What you have to do | Using the data that follows, give again word for word the lines between the one holding "2026年3月2日(月)10" and the one holding "Dolayısıyla iddialara konu", inclusive. Omit the pictures.

Data shown |
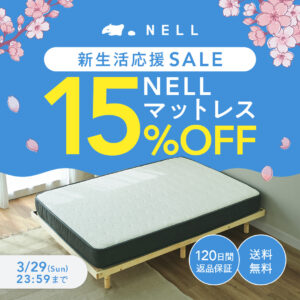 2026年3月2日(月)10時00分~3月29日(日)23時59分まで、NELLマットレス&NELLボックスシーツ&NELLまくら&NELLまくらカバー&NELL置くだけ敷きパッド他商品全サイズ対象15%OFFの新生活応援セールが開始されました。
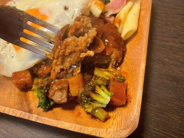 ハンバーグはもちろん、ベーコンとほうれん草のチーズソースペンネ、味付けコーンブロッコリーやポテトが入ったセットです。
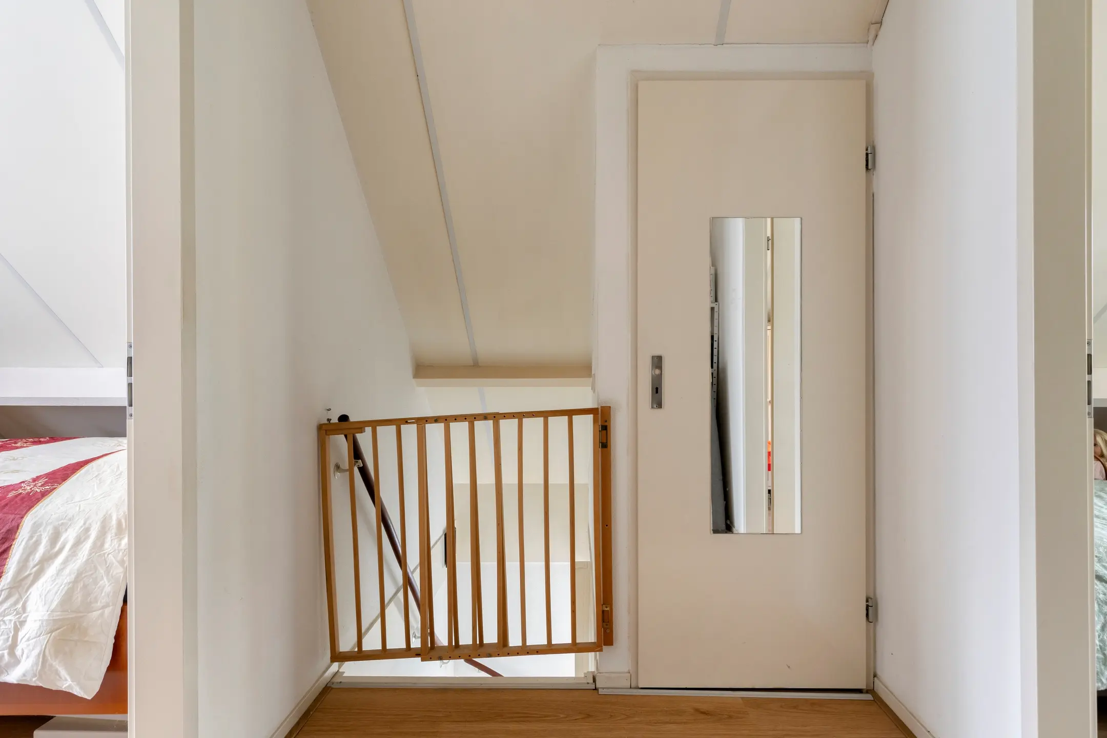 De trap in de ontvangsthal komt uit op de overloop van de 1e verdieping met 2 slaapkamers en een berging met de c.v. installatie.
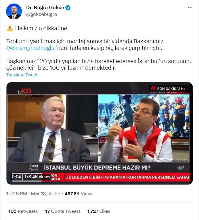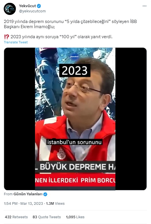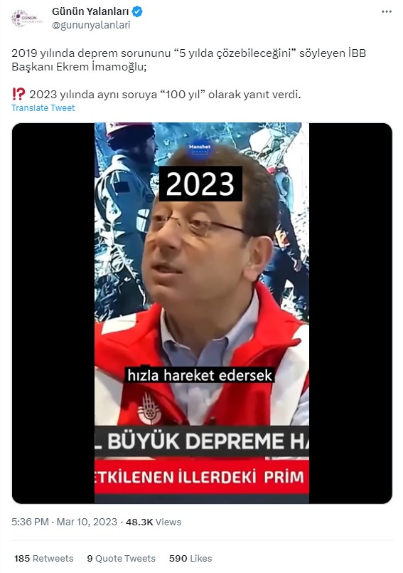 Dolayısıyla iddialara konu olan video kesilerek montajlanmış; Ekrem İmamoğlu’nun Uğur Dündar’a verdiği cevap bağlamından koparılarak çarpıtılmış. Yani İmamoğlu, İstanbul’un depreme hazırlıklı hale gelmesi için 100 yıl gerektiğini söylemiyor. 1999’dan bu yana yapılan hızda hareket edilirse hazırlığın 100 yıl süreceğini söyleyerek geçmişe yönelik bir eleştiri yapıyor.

* * *

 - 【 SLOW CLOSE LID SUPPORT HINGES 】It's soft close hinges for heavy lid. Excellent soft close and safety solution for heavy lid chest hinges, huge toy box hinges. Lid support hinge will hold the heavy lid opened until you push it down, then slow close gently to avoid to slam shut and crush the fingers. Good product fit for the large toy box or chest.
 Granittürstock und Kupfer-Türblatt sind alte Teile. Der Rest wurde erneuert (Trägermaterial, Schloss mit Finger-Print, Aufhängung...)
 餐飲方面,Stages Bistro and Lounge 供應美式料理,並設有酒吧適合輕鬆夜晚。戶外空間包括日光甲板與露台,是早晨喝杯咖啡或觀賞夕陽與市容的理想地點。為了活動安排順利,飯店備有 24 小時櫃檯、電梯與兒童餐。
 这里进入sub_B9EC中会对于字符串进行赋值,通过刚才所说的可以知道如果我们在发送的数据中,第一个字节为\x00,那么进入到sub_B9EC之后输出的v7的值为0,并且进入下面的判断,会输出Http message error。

Task output |
 2026年3月2日(月)10時00分~3月29日(日)23時59分まで、NELLマットレス&NELLボックスシーツ&NELLまくら&NELLまくらカバー&NELL置くだけ敷きパッド他商品全サイズ対象15%OFFの新生活応援セールが開始されました。
 ハンバーグはもちろん、ベーコンとほうれん草のチーズソースペンネ、味付けコーンブロッコリーやポテトが入ったセットです。
 De trap in de ontvangsthal komt uit op de overloop van de 1e verdieping met 2 slaapkamers en een berging met de c.v. installatie.
 Dolayısıyla iddialara konu olan video kesilerek montajlanmış; Ekrem İmamoğlu’nun Uğur Dündar’a verdiği cevap bağlamından koparılarak çarpıtılmış. Yani İmamoğlu, İstanbul’un depreme hazırlıklı hale gelmesi için 100 yıl gerektiğini söylemiyor. 1999’dan bu yana yapılan hızda hareket edilirse hazırlığın 100 yıl süreceğini söyleyerek geçmişe yönelik bir eleştiri yapıyor.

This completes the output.